Preterm births can be classified into three categories: extremely preterm births (before 28 weeks of gestation), very preterm (28 to 32 weeks of gestation), and moderate to late preterm (32 to 37 weeks of gestation). Premature babies often have low birth weights. The term low birth weight is used when a baby weighs less than 2,500 grams regardless of gestational age. Very low birth weight is less than 1,500 grams, and extremely low birth weight is less than 1,000 grams. If a fetus is at least 22 weeks old and shows at least one sign of life, such as an easily visible heartbeat, definite movement of arms and legs, breathing, crying, sustained gasps, or visible cord pulsation, doctors are required to resuscitate the baby.
Armenia’s Ministry of Health classifies premature births according to the weight of the newborns. In 2022, there were 35,667 live births registered in Armenia. Of these, 153 babies weighed 1,000 grams or less at birth; 252 weighed between 1000-1499 grams; 596 weighed between 1,500-1,999 grams, and 1,587 weighed between 2,000-2,499 grams.

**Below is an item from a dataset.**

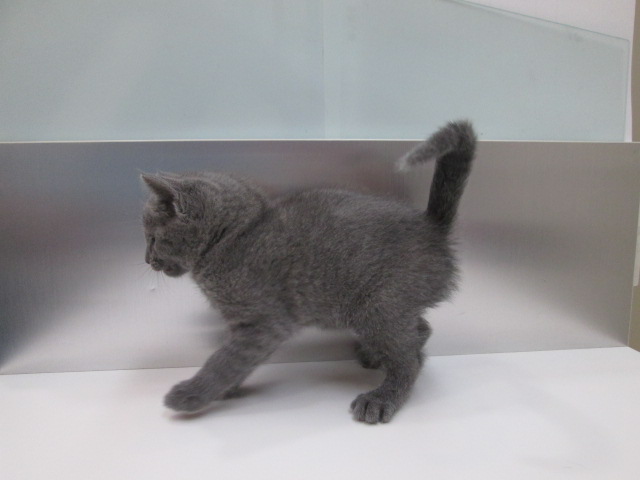 毛色はロシアンブルーの特徴でもあるシルバーの光沢がかったブルー色で綺麗です。

Thus, nearly 10% of babies born in Armenia in 2022 were premature, which aligns with the global average.
Of the 153 babies born with extremely low weight, 60 did not survive, and 44 of them died within the first six days of life. In the category of very low birth weight (252 births),18 babies did not survive, with 14 passing away in the first six days. The mortality rate at birth decreases as birth weight increases; of the 2,305 babies born with low birth weight, only three died, all within the first six days. When considering all premature births, regardless of weight category, 97% of premature babies survive. However, survival rates are significantly lower for babies born weighing less than 1,000 grams, with only six in ten surviving.
The NICU Journey
A year ago, my knowledge about premature births and premature babies was almost non-existent. I had a vague understanding that early births occasionally happen but that it was not a significant concern. I had heard the term “preemie”, which in my mind meant a cute, tiny human. I could not fathom the struggle and heartache the term entailed.

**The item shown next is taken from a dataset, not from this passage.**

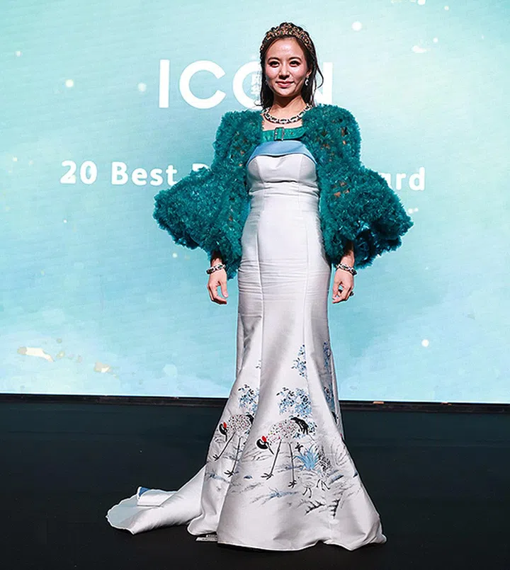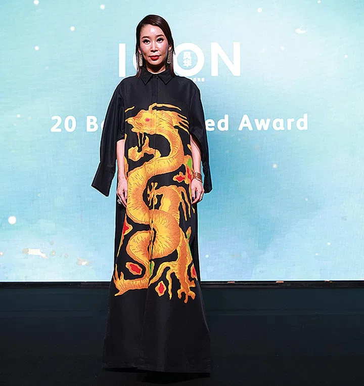 每每出席《风华》晚宴都精心打扮的Susanna Kang,以一袭Isabel Sanchis造型现身。绣满精致龙图腾连体裤,搭配结强势立体的黑色长款大衣,一转身可见大衣上的孔雀刺绣,巧妙运用东方元素,将其高雅气质衬托出来。她也以卡地亚(Cartier)珠宝及腕表做点缀,为霸气穿搭增添一抹迷人格调。

On April 28, 2023, I headed to work, as I did every Friday morning, rushing and eager to get to the office. Every Friday, I wrote our weekly news podcast, and it seemed something unexpected always happened right before recording. Little did I know that on that day my life as I knew it would abruptly be interrupted and that I would not go to work or home for another 75 days. I still had 11 weeks to go in my pregnancy, and as of the previous evening, I had no complications. Thus, I did not worry much about the headache that had kept me awake all night, or the high blood pressure. My doctor had advised me to call her if my blood pressure exceeded 130. I was hesitant to call, expecting to wait for hours at the hospital in a cramped corridor. I was not looking forward to it.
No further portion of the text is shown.